| ← 162 | 163 | 164 → |
- Cardinal: one hundred sixty-three
- Ordinal: 163rd (one hundred sixty-third)
- Factorization: prime
- Prime: 38th
- Divisors: 1, 163
- Greek numeral: ΡΞΓ´
- Roman numeral: CLXIII, clxiii
- Binary: 10100011_{2}
- Ternary: 20001_{3}
- Senary: 431_{6}
- Octal: 243_{8}
- Duodecimal: 117_{12}
- Hexadecimal: A3_{16}

= 163 (number) =

163 (one hundred [and] sixty-three) is the natural number following 162 and preceding 164.

==In mathematics==
163 is the 38th prime number and a strong prime in the sense that it is greater than the arithmetic mean of its two neighboring primes.

163 is a lucky prime and a fortunate number.

163 is a strictly non-palindromic number, since it is not palindromic in any base between base 2 and base 161.

Given 163, the Mertens function returns 0. It is the fourth prime with this property.

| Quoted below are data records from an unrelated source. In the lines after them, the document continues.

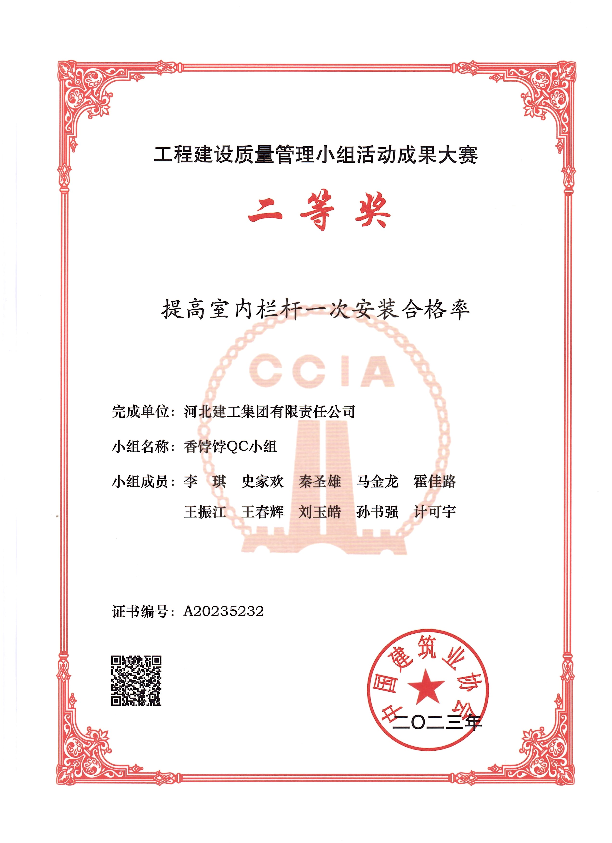 近日,河北建工集團八分公司雄東項目“香饽饽QC小組”編寫的《提高室内欄杆一次安裝合格率》在2023年度工程建設質量管理小組活動競賽中獲得二等獎。
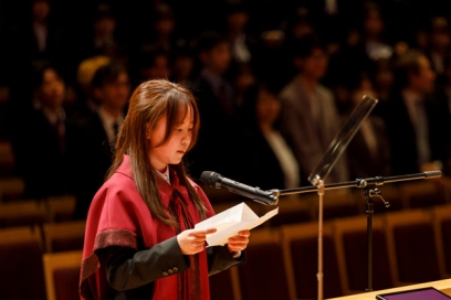 続いて、新入生総代の紅彩美さん(教育学部)が、「私達は本学教育の趣旨を体して、自立の精神を重んじ、学術を極めるとともに、自ら人格の陶冶に努め、社会の期待に沿うことを誓います」と誓詞を朗読しました。
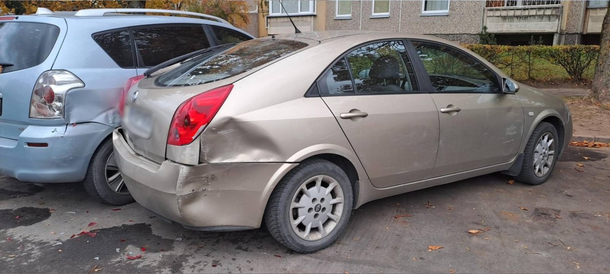 Kauno apskrities vyriausiojo policijos komisariato (toliau – Kauno apskr. VPK) Kelių policijos skyriaus pareigūnai aiškinasi eismo įvykio aplinkybes, kuomet spalio 16 d. apie 15.20 val. Kaune, Baltų pr., pirminiais duomenimis, tamsios spalvos visureigis (galimai „Nissan“ arba „Peugeot“) apgadino stovinčius automobilius „Nissan Primera“ ir „Toyota Corolla“. Automobilis pasišalino iš įvykio vietos, nuvažiuodamas Baltų pr. link Žemgalių g.
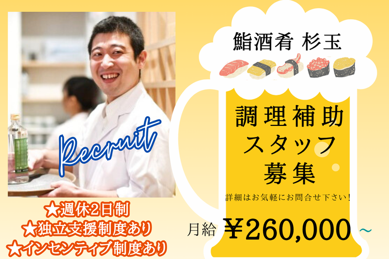 仕事内容 *〜*〜*〜*〜*〜*〜*〜* 月給26万円~דリーダーを育てる会社” レイリーフードテックが運営する 『鮨酒肴 杉玉』で 次のキャリアをつかむ、 “調理補助スタッフ”募集! *〜*〜*〜*〜*〜*〜*〜* \レイリーフードテックで働くポイント/ ★ 全員インセンティブ制度 → チームで成果をわかちあう文化 ★ “役職ではなく役割”を重視する、 人が育つ組織 ★ キャリアステップ明確 → 一般→店長→SV→部長→独立も ★ 飲食×マーケ支援の多角経営 → 成長性と安定性の両立 ★ 独立支援制度あり (店長経験3年~、資金含め伴走) ··—··—··—··—··—·· 【仕事内容】 まずは調理場でのサポート業務からスタート! 「料理を正しく・丁寧に仕上げること」から 一緒に進めていきます。 ◆ 食材の下処理・下ごしらえ ◆ 焼く/揚げる/盛り付けなど、簡単な工程の担当 ◆ 洗い場対応・キッチン内の整理整頓 など 慣れてきたら、 「仕込みの段取りが組める → メインの工程を任せられる → 後輩に教えられる」 と、キッチン内での役割が広がっていきます。 ··—··—··—··—··—·· 【レイリーフードテックってこんな会社!】 代表の飯田・村上は、 元々同じ飲食企業で働いていた仲間。 「自分たちの力で、お店や人の未来を つくれる会社をつくりたい」 その想いから、2022年に レイリーフードテックを創業しました。 掲げたミッションは “ライズリーダー(リーダーを輩出する)”。 ★ 役職ではなく「役割」で評価する ★ 人が育てば、会社は強くなる ★ 「入ってよかった」と胸を張れる職場にする この価値観を軸に、 評価・研修・キャリア制度のすべてが “人を育てるため”に設計されています。 現在は、水戸・つくば・いわきにて 6店舗を展開。2036年に100店舗、 上場を目指し、拡大中です。 さらに、飲食だけでなくSNS運用支援、 マーケティング支援なども行い、 地方企業が「勝てる仕組み」を つくる力にもなっています。 ··—··—··—··—··—·· 【展開ブランド】 ・串かつのぶた。(自社業態) ・0秒レモンサワーときわ亭(FC) ・鮨酒肴 杉玉(FC) 【『鮨酒肴 杉玉』について】 大手回転寿司チェーン「スシロー」が 手がける話題の寿司居酒屋ブランド。 “おいしいお寿司と酒肴を、 気軽に楽しめる価格で” をコンセプトに、 ユニークなメニュー名と本格的な味が 人気のお店です。 鮮魚の仕込み・揚げ物・焼き物など、 和食を中心に多彩なメニューを提供。 また、効率的な導線設計や タッチパネル注文により、 スタッフの負担を減らしながら スムーズなオペレーションを実現。 キッチンとホールが連携し、 チームでお客様を楽しませる空間です。 ··—··—··—··—··—·· 【ここが魅力!】 ◆ 評価は“リアルタイム推薦制” ◆ インセンティブは全員対象 ◆ 育成に強い会社 ◆ キャリアステップが明確で速い ◆ 実績 (副店長→2ヶ月で店長代行、店長→約1年でSV など) ◆ 独立支援制度あり ◆ 待遇面の安心感 (家族手当/まかない/資格支援/ネイル髪色自由 ほか) ··—··—··—··—··—·· 「仲間と店をつくる。自分の力で未来を切り開く。」 レイリーフードテックは、拡大期のど真ん中。 新しい役割もポジションも次々に生まれるため、 “役職の空き待ち”とは無縁です。 アルバイト→社員→店長→SV といったステップアップ事例も多数。 挑戦する仲間の背中が、 また次の挑戦を生んでいます。 その面白さを、ぜひ一緒に。 応募はお早めに◎

The first three such primes are 2, 101 and 149.

As approximations, $\pi \approx {2^9 \over 163} \approx 3.1411...$, and $e \approx {163 \over 3\cdot4\cdot5} \approx 2.7166\dots$

163 is a permutable prime in base 12, which it is written as 117, the permutations of its digits are 171 and 711, the two numbers in base 12 are 229 and 1021 in base 10, both of which are prime.

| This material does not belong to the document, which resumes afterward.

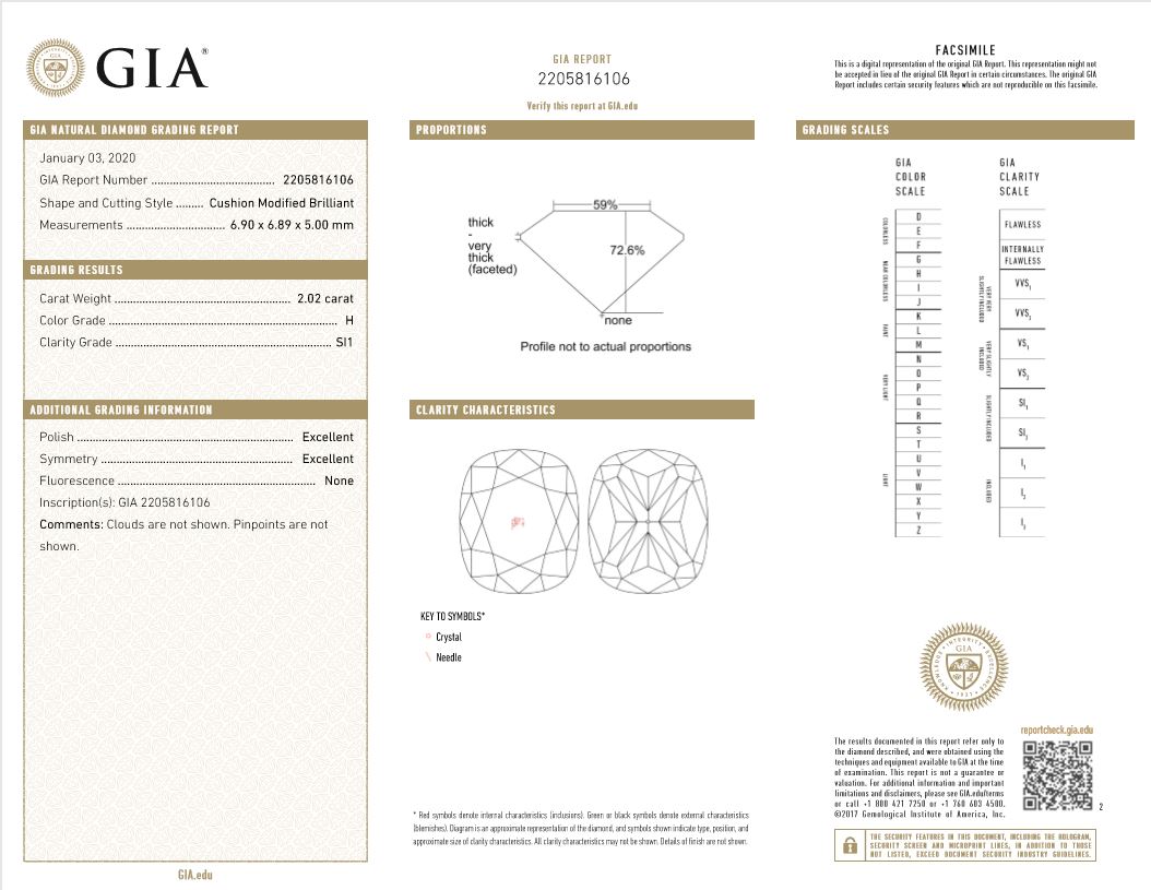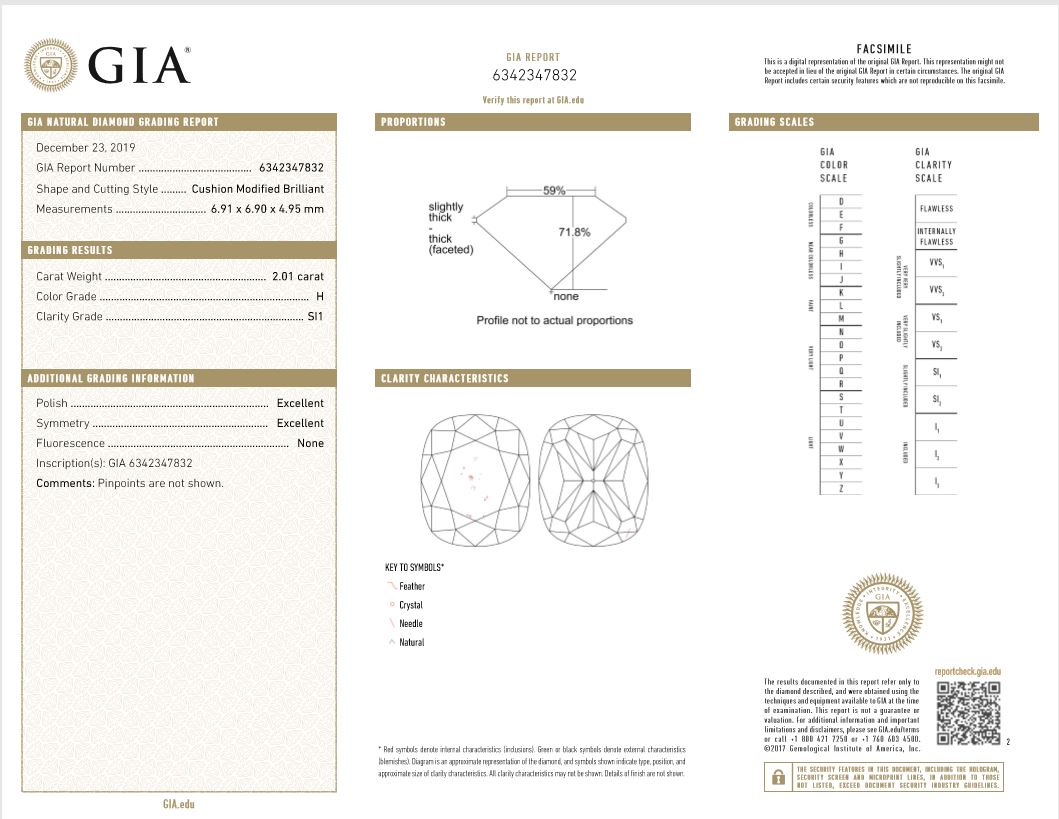 A loose pair of cushion cut Diamonds totalling 4.03cts (Both with GIA reports graded as H SI1 #6342347832, 2205816106). (New)

The function $f(n) = n^2 - n + 41$ gives prime values for all values of $n$ between 0 and 39, while for $n < 3000$ approximately half of all values are prime. 163 appears as a result of solving $f(n)=0$, which gives $n = (-1+ \sqrt{-163} ) / 2$.

163 is a Heegner number, the largest of the nine such numbers. That is, the ring of integers of the field $\mathbb{Q}(\sqrt{-a})$ has unique factorization for $a=163$. The only other such integers are
$a = 1, 2, 3, 7, 11, 19, 43, 67$.

163 is the number of linearly Z-independent McKay-Thompson series for the monster group, which also represent their collective maximum dimensional representation. This fact about 163 might be a clue for understanding monstrous moonshine.

$\sqrt{163}$
appears in the Ramanujan constant, since -163 is a quadratic nonresidue to modulo all the primes 3, 5, 7, ..., 37. In which $e^{\pi \sqrt{163}}$ almost equals the integer 262537412640768744 = 640320^{3} + 744. Martin Gardner famously asserted that this identity was exact in a 1975 April Fools' hoax in Scientific American; in fact the value is 262537412640768743.99999999999925007259...

It also satisfies $\frac{163}{\ln(163)}=31.999998738490...$.

==In other fields==
163 is also:
- The number of days following the first day of Passover (Pesach), used to calculate the date of Rosh Hashanah, the Jewish New Year.